Prestasi non akademis peserta didik sangatlah luas dan tidak hanya dalam bidang olahraga dan seni saja. Dalam pengembangan potensi non akademis, sekolah harus mampu mewadahi berbagai bidang non akademis. Untuk itu diperlukan strategi pelaksanaan yang bisa mewujudkan pengoptimalan potensi non akademis peserta didik.

Dalam upaya pengembangan potensi non akademis peserta didik, sekolah perlu mempunyai kebijakan yang mengakomodir dan bisa memaksimalkan potensi tersebut. Beberapa hal yang bisa dilaksanakan sekolah antara lain:

Pertama, mengetahui potensi, minat dan bakat peserta didik sejak dini. Sekolah dapat melakukan penjaringan mengenai potensi, minat dan bakat dari peserta didiknya melalui test yang terukur. Tentunya hal ini harus bekerja sama dengan pihak yang berkompeten.

Kedua, melaksanakan kegiatan yang bisa mengakomodir potensi, minat dan bakat peserta didik. Ekstrakurikuler adalah wadah terbaik untuk mengakomodir kegiatan non akademis. Melalui kegiatan ekstrakurikuler yang terstruktur dan terprogram, peserta didik dapat menyalurkan potensinya. Tentunya ekstrakurikuler tersebut tidak hanya yang diwajibkan oleh pemerintah tetapi juga yang bervariatif dan disesuaikan dengan sistem pendidikan nasional serta kemajuan jaman.

Ketiga, menyediakan sarana dan prasarana yang menunjang pengembangan potensi non akademis. Sarana dan prasarana yang baik tentunya menunjang pengembangan potensi non akademis peserta didik. Walaupun bukan yang utama, tetapi dengan sarana dan prasarana yang baik, pastilah memotivasi peserta didik untuk meraih yang terbaik.

Keempat, mempunyai atau menghadirkan para professional di bidang non akademis. Inspirasi adalah sesuatu yang bisa memacu prestasi. Dengan menghadirkan para professional untuk membimbing, melatih dan mengolah potensi peserta didik sesuai dengan bidangnya, diharapkan mereka bisa menjadi role model yang baik bagi peserta didik untuk mencapai prestasi maksimal di bidangnya.
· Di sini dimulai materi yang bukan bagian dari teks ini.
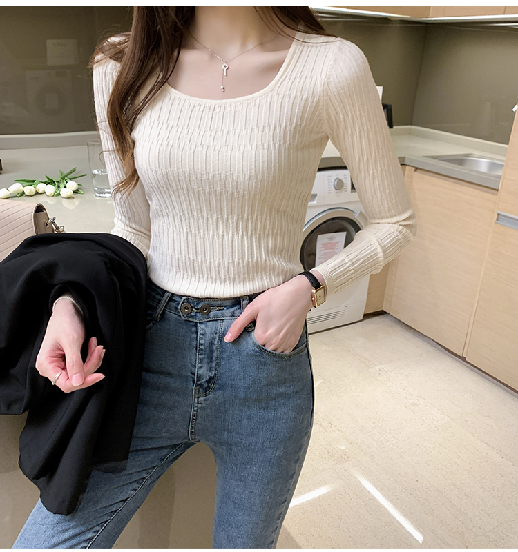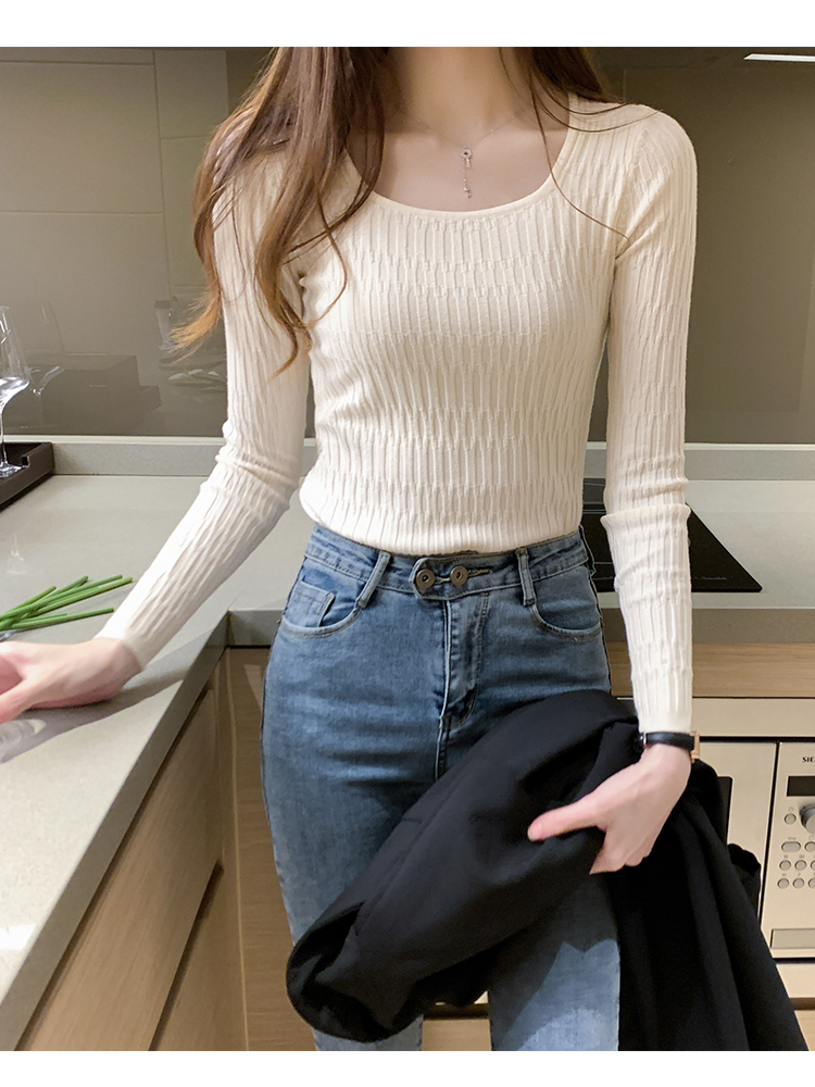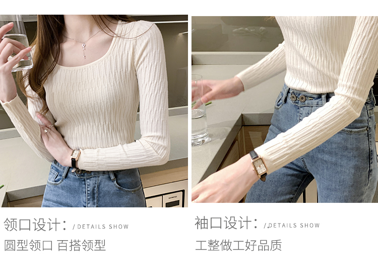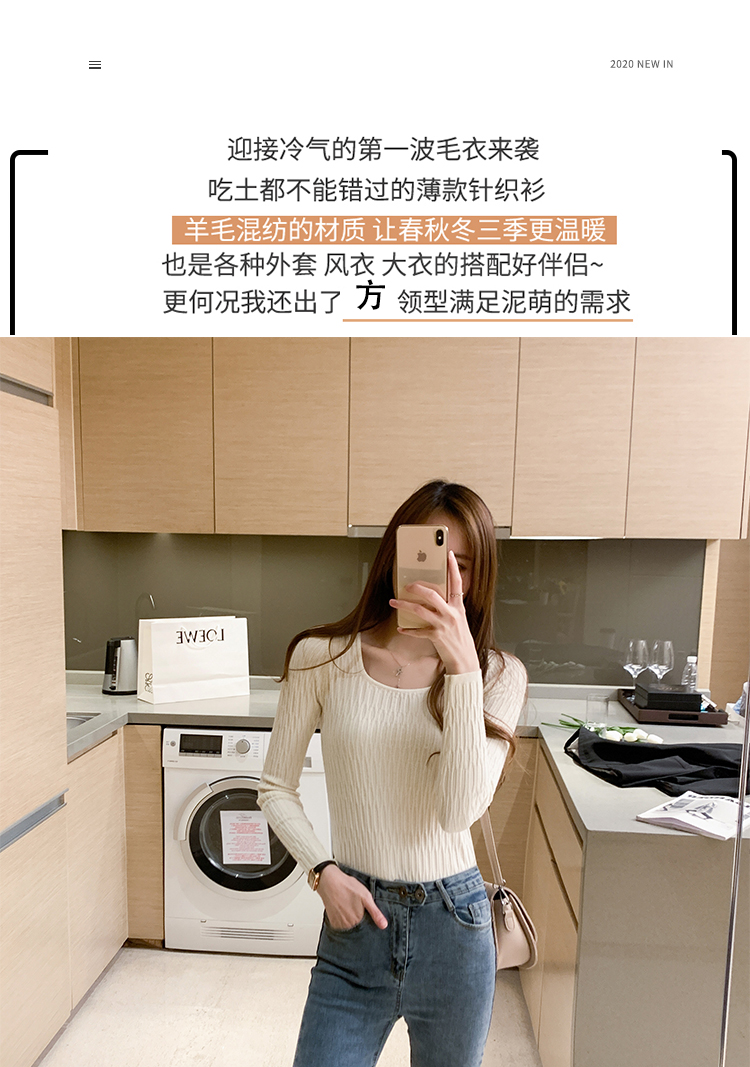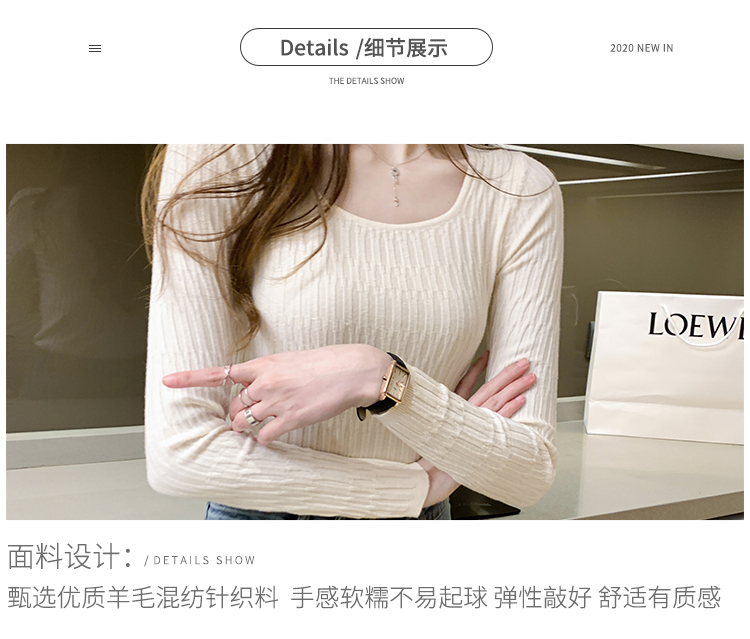 低領打底衫女秋冬修身洋氣長袖t恤搭配西裝風衣的內搭小香風上衣

Kelima, mengapresiasi raihan prestasi peserta didik. Apresiasi tidak hanya memberikan pujian dengan kata – kata tetapi perlu juga mewujudkan dalam tindakan nyata. Contohnya pada saat upacara, peserta didik yang mendapatkan prestasi dapat diekspose dan secara sederhana serta simbolis disematkan medali, piagam, atau piala yang didapat oleh kepala sekolah atau stakeholders. Hal sederhana tersebut berdampak besar bagi yang bersangkutan serta menjadi motivasi dan inspirasi bagi yang lain.
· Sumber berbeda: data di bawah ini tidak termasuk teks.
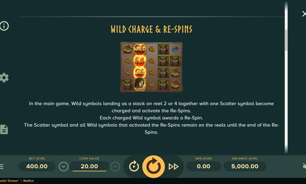 Далее в обзоре игрового автомата Druids’ Dream NetEnt на Casinoz рассказывается об особых символах и призовых опциях.

Keenam, melakukan pendampingan bagi peserta didik yang mempunyai kemampuan non akademis tinggi tetapi lemah dalam bidang akademis. Acap kali peserta didik yang berprestasi di bidang akademis ternyata lemah di bidang akademis, hal tersebut terkadang merupakan konsekuensi tingginya frekuensi latihan yang tentu saja menyita waktu dan tenaga. Hal tersebut berdampak dalam bidang akademisnya. Guna mengatasi hal tersebut, sekolah dapat memprogramkan pendampingan khusus dimana peserta didik dibimbing dengan intensif dalam rangka mengejar ketertinggalannya. Dan tak lupa untuk terus memberikan motivasi positif supaya tidak meremehkan bidang akademis walaupun mereka sangat berprestasi di bidang non akademis

Ketujuh, memaksimalkan program Bindikel (Pembinaan Pendidikan Keluarga). Sekolah, peserta didik dan orang tua/ wali siswa haruslah menjadi mitra yang baik. Dengan kerjasama yang baik, upaya memaksimalkan potensi non akademis dapat terwujud.
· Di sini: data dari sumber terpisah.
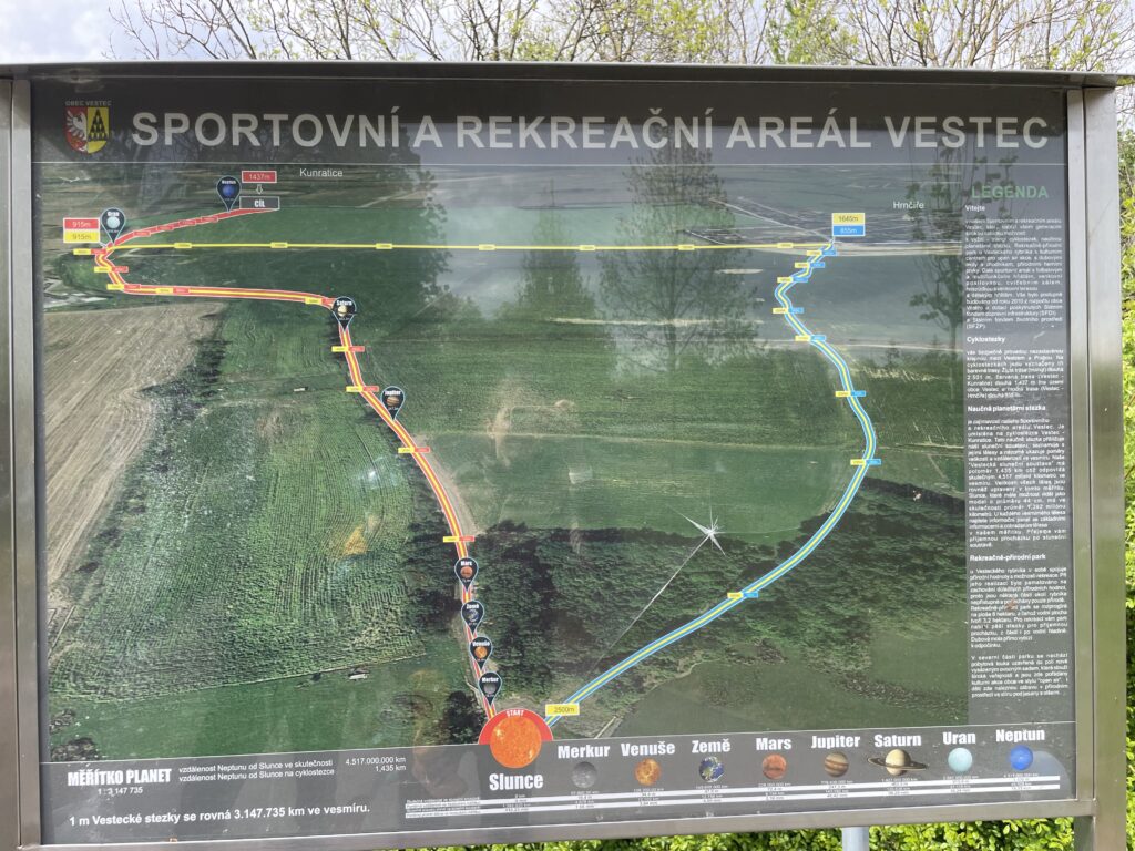 S sebou určitě můžete vzít kočárky, odrážela, kola nebo brusle a užít si 1,5 km dlouhou planetární stezku. Tahle stezka není okružní, okruh, který má 2,5 km, z ní uděláte, když se vydáte po žluté cestě (vyznačeno na mapce). Na tomto úseku mohou jezdit auta, provoz je ale minimální.

Upaya – upaya tersebut diharapkan dapat memotivasi dan mewadahi potensi dari peserta didik dalam menyongsong masa depan yang menjanjikan. Dengan kebijakan yang dapat mengakomodir bidang non akademis, paradigma yang salah bahwa sekolah hanya mengutamakan prestasi akademis dan mengabaikan prestasi non akademis dapat terpatahkan. Dengan atmosfir yang mendukung prestasi non akademis, diharapkan lahir generasi emas yang unggul dalam berkompetisi di era global saat ini. (igi1/aro)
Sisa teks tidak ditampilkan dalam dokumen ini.